Communiqué ACRIF : César 2008, glissement progressif vers la censure

Paris le 24 février 2008
Communiqué de presse de l'ACRIF
(Association des Cinémas de Recherche d'Ile-de-France)




César 2008 :
Glissement progressif de la censure


Vendredi 22 février a eu lieu la 33ème cérémonie des César.

Une soirée bien calme eu égard aux nombreux mouvements et inquiétudes secouant une partie de la profession cinématographique face au désengagement de l'Etat en matière d'action et de diffusion culturelles.

Mme Albanel a de la chance : rarement Ministre de la Culture n'aura passé une soirée des César aussi tranquille !

Seule Mlle Jeanne Moreau eu les mots justes pour rappeler que le cinéma "célébré" ce soir-là n'a de sens et d'existence que tant que des salles pourront le faire vivre auprès des publics.

Seule ?

Cela n'aurait pas dû être le cas.

Car Mathieu Amalric, ne pouvant être présent, avait préparé un texte qui devait être lu par le Monsieur Loyal d'un soir, Antoine de Caunes. De ce texte, on jugeât que les spectateurs présents au Châtelet ou devant leur télé n'auraient droit qu'à la version digest, expurgée de sa substance la plus politique. On décida donc d'effacer les réflexions de Mathieu Amalric exprimant son attachement aux salles de cinéma indépendantes : "la SALLE de cinéma" contre les multiplexes qui n'ont que "les chiffres comme seule ligne d'horizon". Et citant l'exemple du film la Question humaine de Nicolas Klotz, Mathieu Amalric estime qu'il "n'aurait jamais fait autant d'entrées sans le travail de curiosité des exploitants de province et de l'ACRIF (Association des Cinémas de Recherche d'Ile-de-France)".


Quelles que soient les véritables raisons de caviardage, il n'est pas téméraire d'en faire un symptôme du glissement progressif des mécanismes de la censure.
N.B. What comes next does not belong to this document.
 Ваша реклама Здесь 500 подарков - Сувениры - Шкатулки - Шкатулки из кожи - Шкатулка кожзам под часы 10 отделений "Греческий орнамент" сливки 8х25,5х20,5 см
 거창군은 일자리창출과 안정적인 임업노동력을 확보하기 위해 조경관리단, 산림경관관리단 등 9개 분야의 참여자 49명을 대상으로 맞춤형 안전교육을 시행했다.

Couramment utilisé dès lors qu'il s'agit de pointer la démarche répressive d'un état ou d'une institution à l'égard de ses opposants, ce mot s'applique moins souvent lorsqu'il est la conséquence d'un rejet de tout ce qui remet en question et complexifie nos béates certitudes.


Que la partie la plus politique du texte de Mathieu Amalric soit précisément celle qui a été supprimée n'est pas fortuit : elle résulte d'un choix, qui, pour avoir été fait soit disant dans l'urgence, voire même en toute innocence, n'en dédouane pas pour autant ses responsables : le choix de privilégier la gaudriole plan-plan (vannes, applaudissements, ennui insondable...) et de museler l'inquiétude légitime de certains professionnels du cinéma met à jour une certaine tendance de la société française : une subordination générale, diffuse, paresseuse et arbitraire à l'idéologie dominante. Tout ce qui se ne relève plus du spectacle est alors vécu soit comme une intrusion (perturbation de l'auto-célébration de la “grande” famille du cinéma français), soit comme le comble de la ringardise (car ringarde est toute tentative de partager un raisonnement politique).
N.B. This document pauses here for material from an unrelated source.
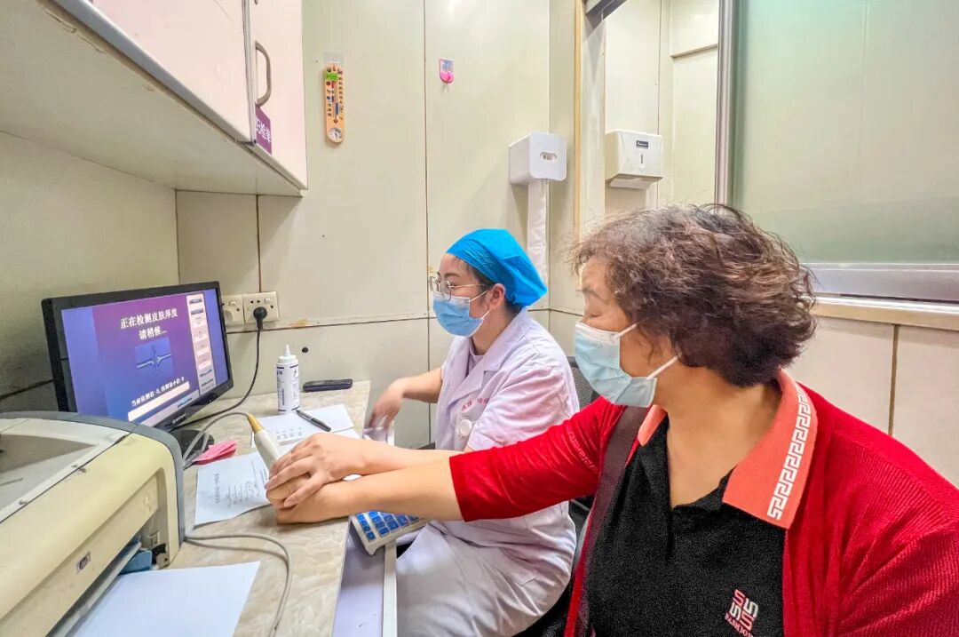 护士为前来参加义诊的市民做骨质疏松检测

Etait-il donc si gênant de rappeler que ce sont également ces cinémas indépendants qui font que, dans toutes les régions de France, des spectateurs peuvent découvrir les œuvres les plus novatrices, les expressions les plus singulières d'auteurs qui œuvrent pour que leur travail soit regardé, écouté, partagé, confronté, en salles ?

Etait-il donc si inconvenant de rappeler que ces lieux où se vit le cinéma sont aujourd'hui fragilisés, plongés dans les tourbillons du marché que l'Etat par ses choix laisse comme seul maître du jeu ?

Est-il donc si malaisant de rappeler l'existence d'hommes et de femmes qui travaillent au sein de salles de cinéma et qui font montre de leur attachement à une mission de service public en matière de diffusion et d'action culturelle ?


Est-il déplacé de rappeler que ce sont ces salles qui les premières ont aimé et défendu les deux premiers longs-métrages d’Abdellatif Kechiche La Faute à Voltaire et L'Esquive, et non les multiplexes ?

Est-il si incongru de penser que si ces salles disparaissent c'est l'ensemble du cinéma français qui se casse la gueule ? Enlevez l'échelle et il ne restera plus que le pinceau pour s'accrocher au plafond...


L’ACRIF est une association qui regroupe une cinquantaine de salles de cinema de banlieue parisienne.